- WHAT IS REQUIRED: Take the line containing "Bekasi | SUARAPURWASUKA.COM–" through the last line of the data and retype those lines exactly. Pictures do not belong in the copy.

- PROVIDED DATA:
··········
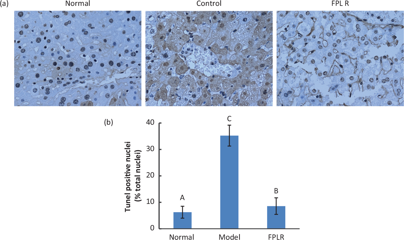 Fig. 2. (a) TUNEL stained images (40×) in normal control, model and FPLR (100 mg/kg bw) + CCl4 groups. (b) Statistic analysis of TUNEL-stained images. Values expressed as mean ± SD in each group (n = 10). The different capital letters indicate significant differences among the different groups at p < 0.01.
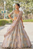 Powder Grey applique hand embroidered lehenga and dupatta with sequin embellished blouse.
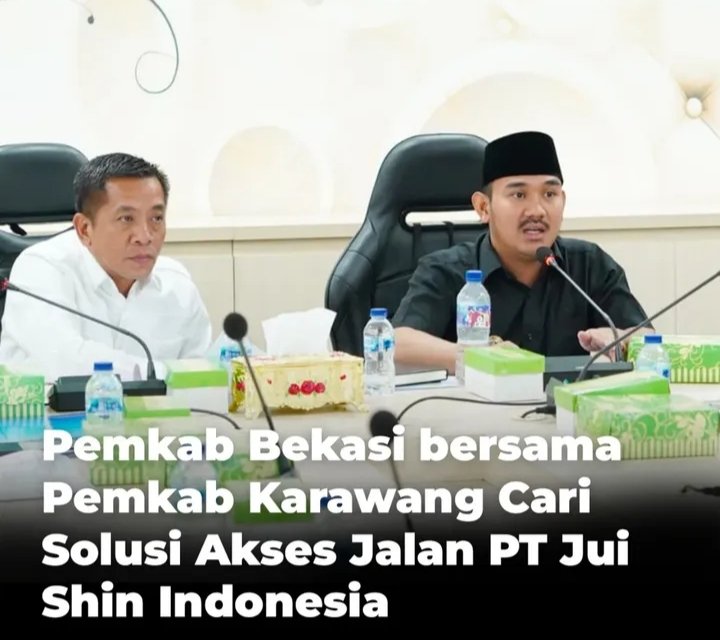 Bekasi | SUARAPURWASUKA.COM– Bupati Bekasi Ade Kuswara Kunang bersama Bupati Karawang Aep Syaepuloh menggelar rapat koordinasi membahas kondisi jalan operasional menuju PT Jui Shin Indonesia (Semen Garuda). Pertemuan berlangsung di Ruang Rapat Bupati Bekasi, Gedung Bupati Bekasi, Cikarang Pusat, Kamis (25/9/2025).
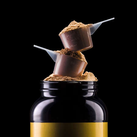 Protein powder, a full scoop of whey protein powder, sport nutrition for athletes and bodybuilders
··········
- ANSWER SPACE:
 Bekasi | SUARAPURWASUKA.COM– Bupati Bekasi Ade Kuswara Kunang bersama Bupati Karawang Aep Syaepuloh menggelar rapat koordinasi membahas kondisi jalan operasional menuju PT Jui Shin Indonesia (Semen Garuda). Pertemuan berlangsung di Ruang Rapat Bupati Bekasi, Gedung Bupati Bekasi, Cikarang Pusat, Kamis (25/9/2025).
 Protein powder, a full scoop of whey protein powder, sport nutrition for athletes and bodybuilders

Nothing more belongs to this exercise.